Mendocino Redwood Company (MRC)
- Company type: Limited liability company
- Industry: forest management, logging
- Founded: July 1998
- Headquarters: near Ukiah, California, USA
- Key people: Mike Jani (Chief Forester)
- Products: Forest products
- Owner: Fisher Family of San Francisco, others
- Number of employees: 43
- Parent: Sansome Partners, L.P
- Website: www.mrc.com

= Mendocino Redwood Company =

American forest products company

The Mendocino Redwood Company (or MRC), is a California based forest products company, which operates one mill in Ukiah, with holdings of over 228800 acre, primarily in Mendocino County.

==Background==
This relatively new timber company owns and manages ten percent of the county's private land. Founded in 1998, the Fisher Family, founders of Gap Clothing, are the majority stake owners. It was started to acquire part of the California timberland of Louisiana-Pacific.

Mendocino Redwood Company utilizes herbicide applications to reduce tanoak density and restore conifer forests. The application and quantity of use is regulated by the Mendocino Agricultural Commission. California is the second largest forestland state in the United States, second to Alaska. Mendocino County has one of the largest percentages of the state's overall forest land.

==Growth==
Following a July 29, 2008 "Final Order" from the US Bankruptcy Judge Richard Schmidt, the way cleared for MRC to take control of the once storied, then vilified, and, finally, bankrupt Pacific Lumber Company in Humboldt County, California from Maxxam Inc. of Texas.

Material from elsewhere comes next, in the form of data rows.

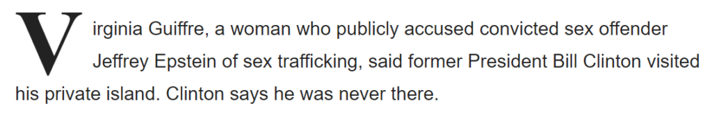 Netflix还专门拍了一个关于爱泼斯坦的四集记录片,叫做肮脏巨富(Filthy Rich)。片子里Viginia Giuffe指称克林顿上过爱泼斯坦的小岛。
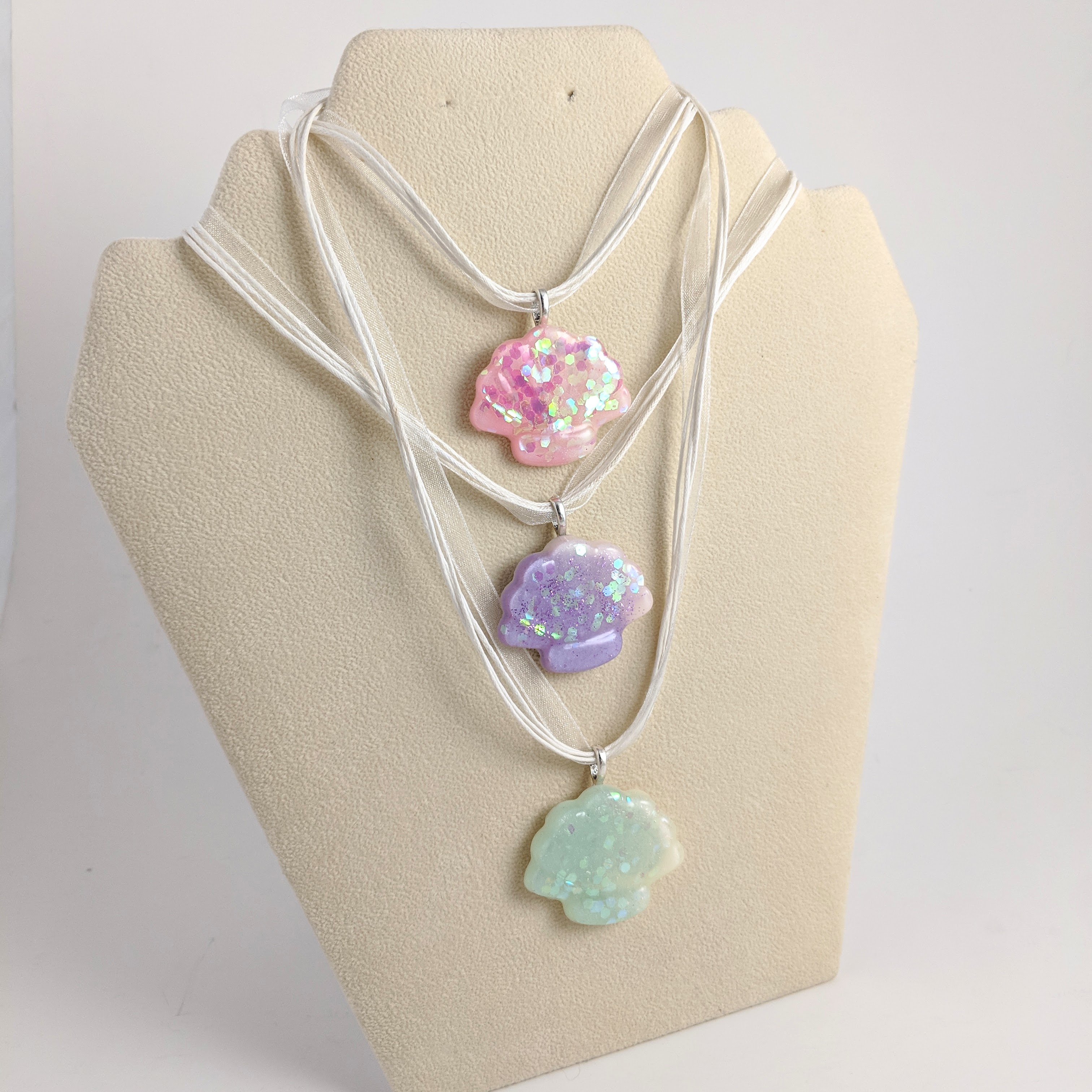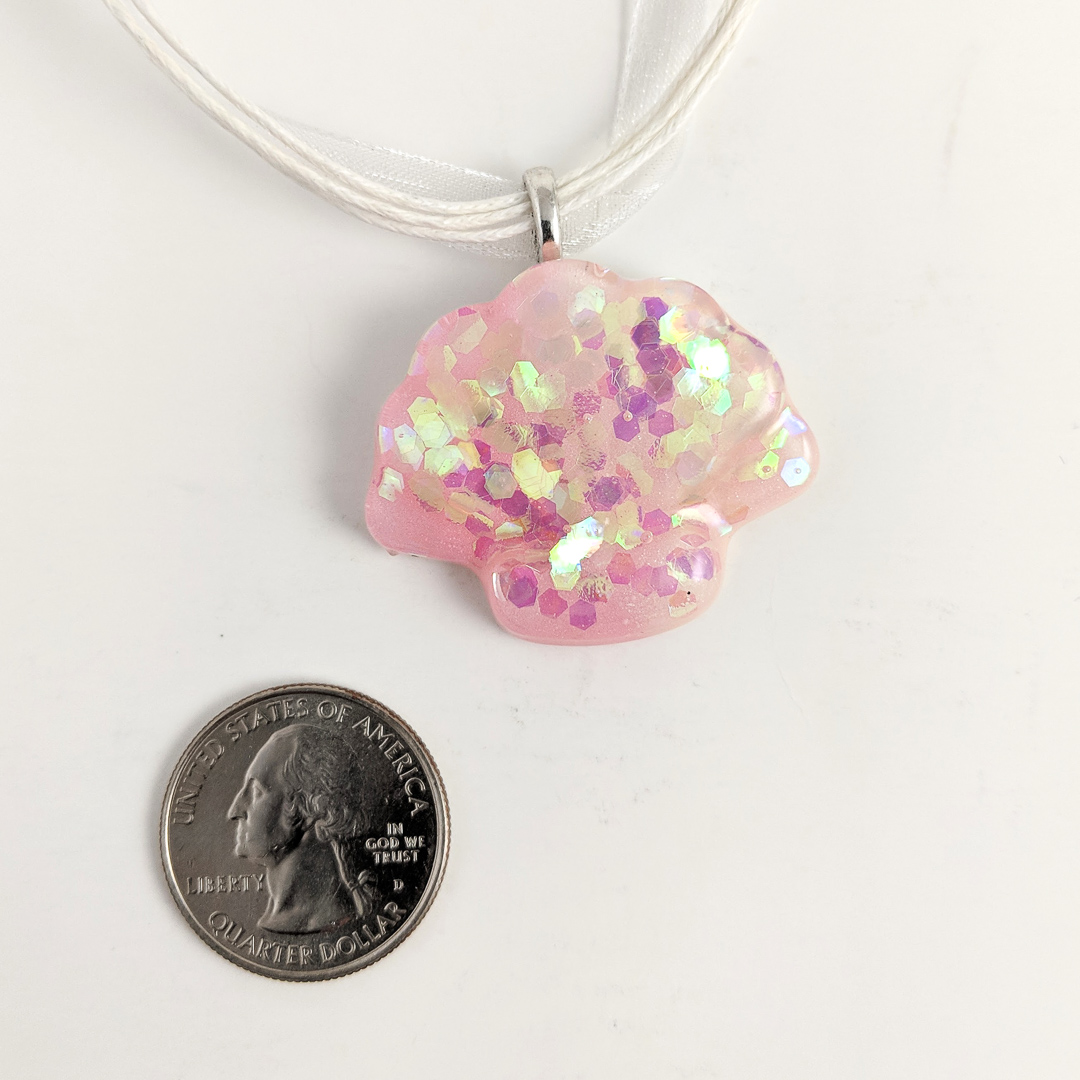 Bring the ocean to you with this glittery clam shell necklace made with high gloss resin. It shimmers like the sea. A perfect way to finish your marine-themed look.
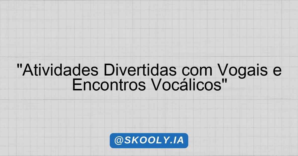 As atividades propostas são diversificadas e têm como finalidade não apenas fixar o conhecimento sobre vogais e encontros vocálicos, mas também proporcionar momentos de socialização e aprendizado colaborativo. Assim, os alunos poderão vivenciar situações em que colocam em prática o que aprenderam, desenvolvendo habilidades essenciais para sua formação acadêmica e pessoal.
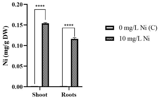 Average + SD levels of Ni in shoots and plants’ roots exposed to a supplementation of 0 and 10 mg L−1 concentrations. Asterisks represent significant differences between the control and treatment at p ≤ 0.0001 (Dunnett’s test).
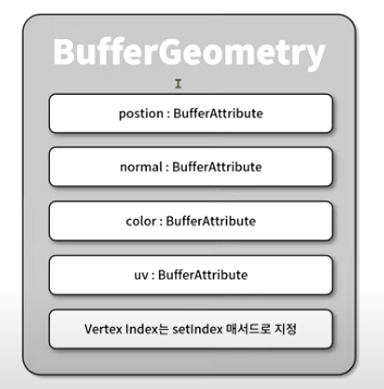 geometry๋ three.js์์ BufferGeometry ํด๋์ค๋ฅผ ํตํด ์ ์ํ๋ค.
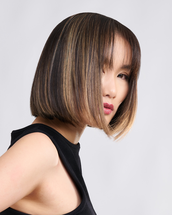 Foto eines Models vor einer sommerlich blauen Wand mit einem kurzen, dunkelbraunem Bob Haarschnitt für die Sommertrends von Paul Mitchell
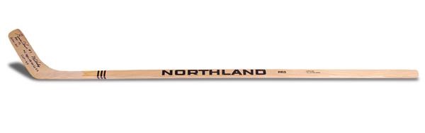This Northland pro, game issue hockey stick, with Howe's name stamped on the top of the shaft, signed on the blade by the great Gordie Howe. He has added extensive inscriptions include; "#9", "Mr. Hockey", "HOF-72", M.V.P. 51 52-55-60-63", "Goals-1071", "Cup-4 x". All are mint in black Sharpie.
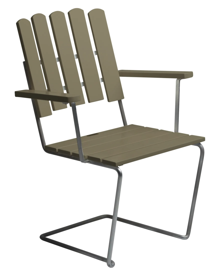 Trotjänaren och kanske det som mest förknippas med Grythyttan Stålmöbler - fåtöljen A2. Designades 1930 av Artur Lindqvist. Har funnits i bersåer, på utomhusserveringar och i trädgårdar sedan dess. Stativet i massivt fjäderstål ger lång livslängd och den rogivande, välkända svikten. Här i oljad ek med stativ i varmförzinkat stål, kombineras med fördel tillsammans med bord 9A eller varför inte som solitär möbel. Varje fåtölj är ett resultat av gediget hantverksarbete, tillverkad av material av högsta kvalitet.
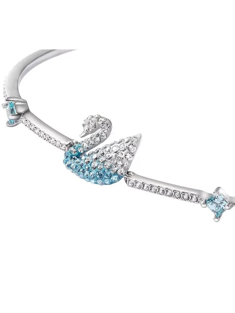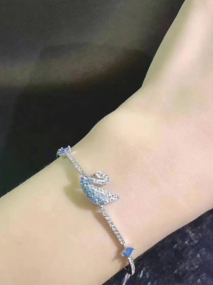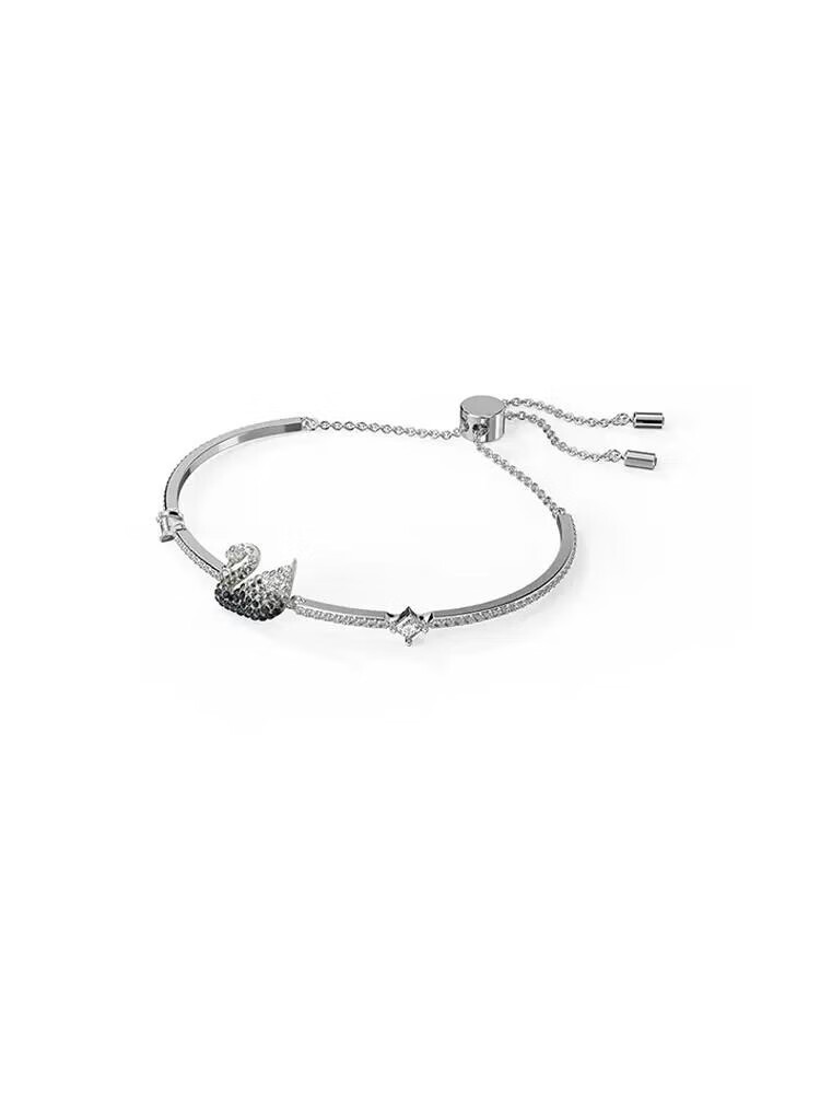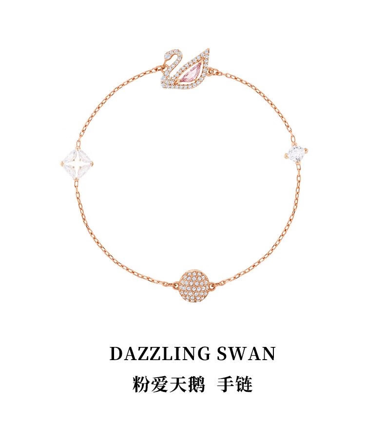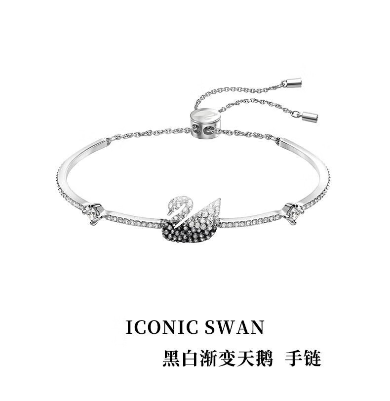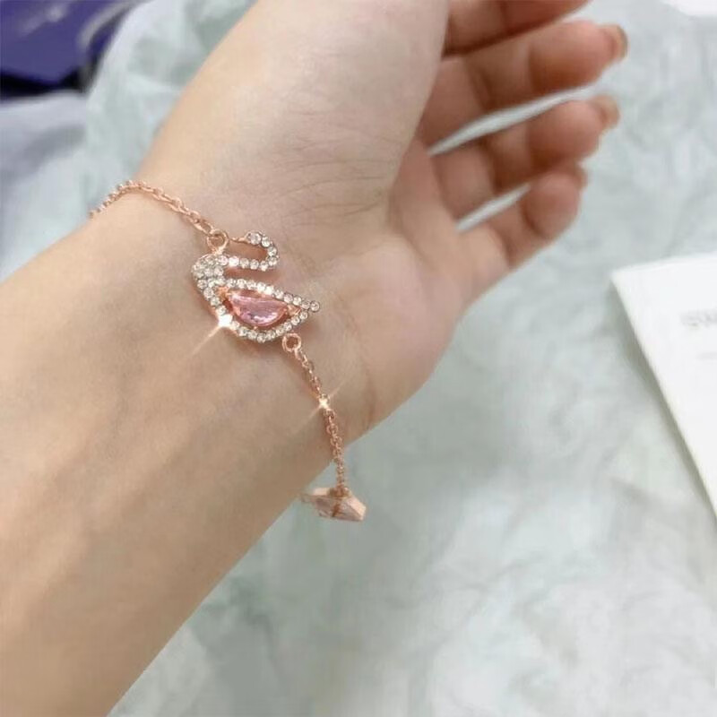 Duchen set new classic black and white gradient swan bracelet for women, pink swan bracelet + box + hand bag
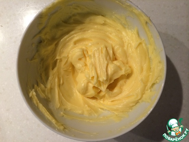Затем добавить в крем размягченное сливочное масло (100г), взбить (примерно 5 минут, при этом тесто станет более жидким) и убрать в холодильник.
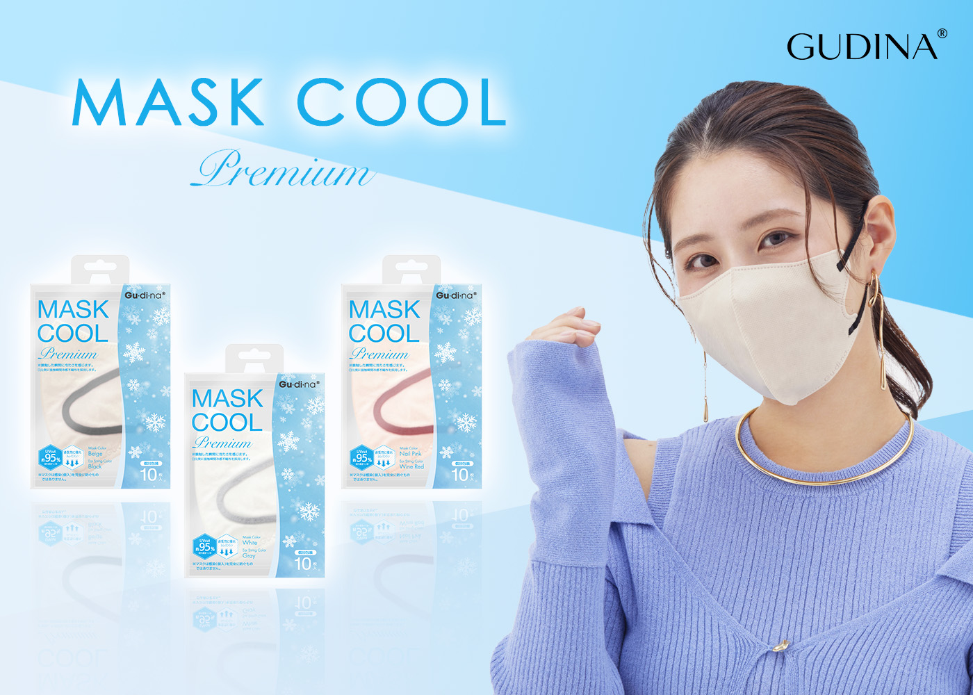 2025年10月7日 / 触れた瞬間、ひんやりと、とろけるように。紫外線も、熱も、肌ストレスも。夏の素肌を、美しく守る“冷感マスク。 真夏の肌を、もっと快適に、もっと美しく。 「GUDINA COOL SILK」は、極上の冷感繊維と高密度UVカット機能を融合した “プレミアム冷感マスク”。 接触冷感生地が肌温度をやさしく下げ、 UVカット(UPF50+)仕様で紫外線から素肌を守ります。 さらに抗菌防臭加工で清潔を保ち、長時間つけてもさらりと快適。
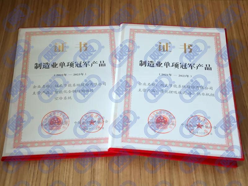 兩本中國制造業(yè)單項冠軍產(chǎn)品證書
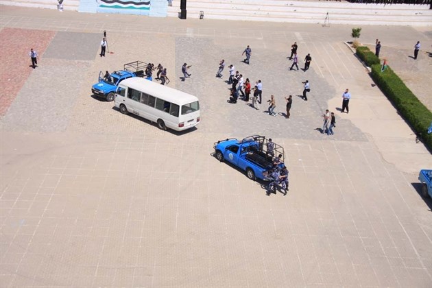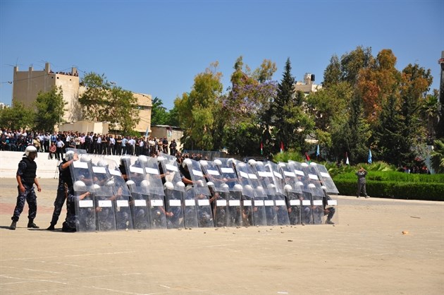 وتخلل احتفال التخريج كذلك عرضاً لقوات مكافحة الشغب تمثل في تفريق متظاهرين خارجين عن القانون قاموا برجم عناصر الشرطة بالحجارة.

The final dispensation of the bankruptcy, which had been ongoing since January 2007, began the transfer of PALCO's buildings, mill, and 210000 acre of Humboldt forest to MRC. The company town of Scotia and other properties were transferred to Marathon Structured Finance.

==Humboldt==
The consolidation of Pacific Lumber Company (PALCO) and subsidiaries is under the new name of Humboldt Redwood Company, which began operations ostensibly with a more conservative harvesting model that eliminates clearcutting and most old-growth redwood cutting.

==Certification==
Mendocino Redwood Company was given a well managed certification of timber management practices. This certification was issued by the Forest Stewardship Council. The certification study was conducted by Scientific Certification Systems.